I just got back in touch with my inner 500mm mirror lens.
I've had a 500mm f/8 Reflex Nikkor since, basically, forever. For years, well decades, it rode around in my trunk. Eventually - like twenty, twenty-five years ago - the old mirror lens was supplanted by more "practical" long lenses, like a 400mm 3.5, and a 300mm 2.8, then a 500mm 4, 400mm 2.8, and a 600mm 4 when I needed it. You get the idea. The old mirror lens eventually moved from my trunk to the back of my camera cabinet at home.
Which I am now trying to civilize. I'm selling old and stupid stuff, putting things in order, getting stuff repaired - the kind of thing you do every ten years or so, whether it's needed or not.
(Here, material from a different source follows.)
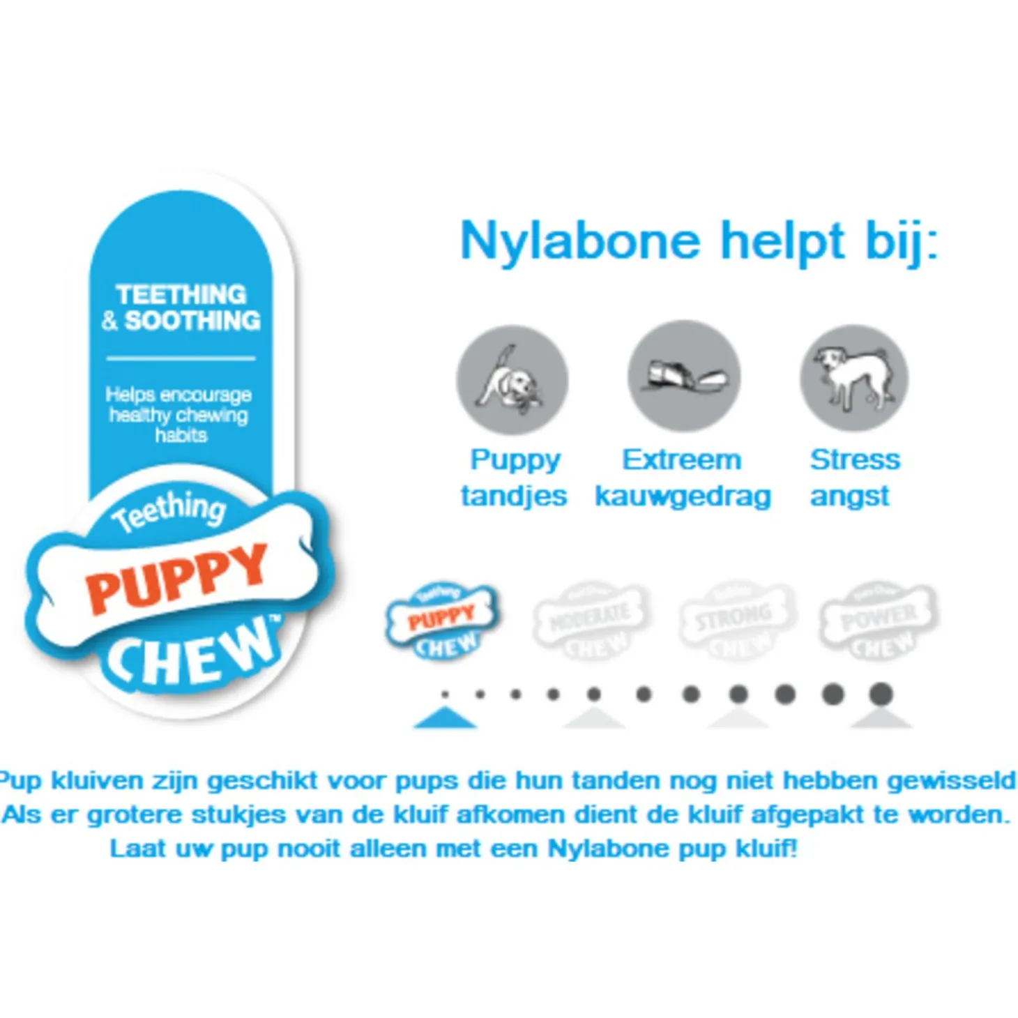 Dit starterspakket is voor pups met een volwassen lichaamsgewicht tot 11kg, dus voor kleinere rassen. De blauwe dental bone en bruine puppy bone zijn alleen geschikt tot het wisselen. Voor na het wisselen is er de witte extreme Nylabone.

And I pulled out the old mirror lens. So I marched outside to the creek with it and sat on the bank and photographed whatever happened by for five minutes and six seconds (according to the Exif data) And this thing is just so damned cool! It used to be that you had about three choices for exposure level for any given film speed (1/500th, 1/1000th, and 1/2000th. Well, and 1/250 most of the time.) Neutral density filters made the lens unfocusable. On a modern digital camera, you've got two more shutter speeds and four more instantly changeable ISOs. The lens fits in a bag, weighs nothing, and is hand holdable to an easy-ish 1/250th. Close focus is very reasonable. It's sharp and contrasty. Not 400 2.8 sharp, but 300 4.5 ED IF sharp, easily. It's "practical" all of a sudden! And now with everybody all about bokeh, those annular highlights are the bee's knees.
I checked on eBay. You can grab these things for less than $300 (for the newer series no less)
Mr ibis here was shot at 1/250th, handheld, at ISO 400.
I don't know if anybody else will find this intriguing, but I'm all (re)excited.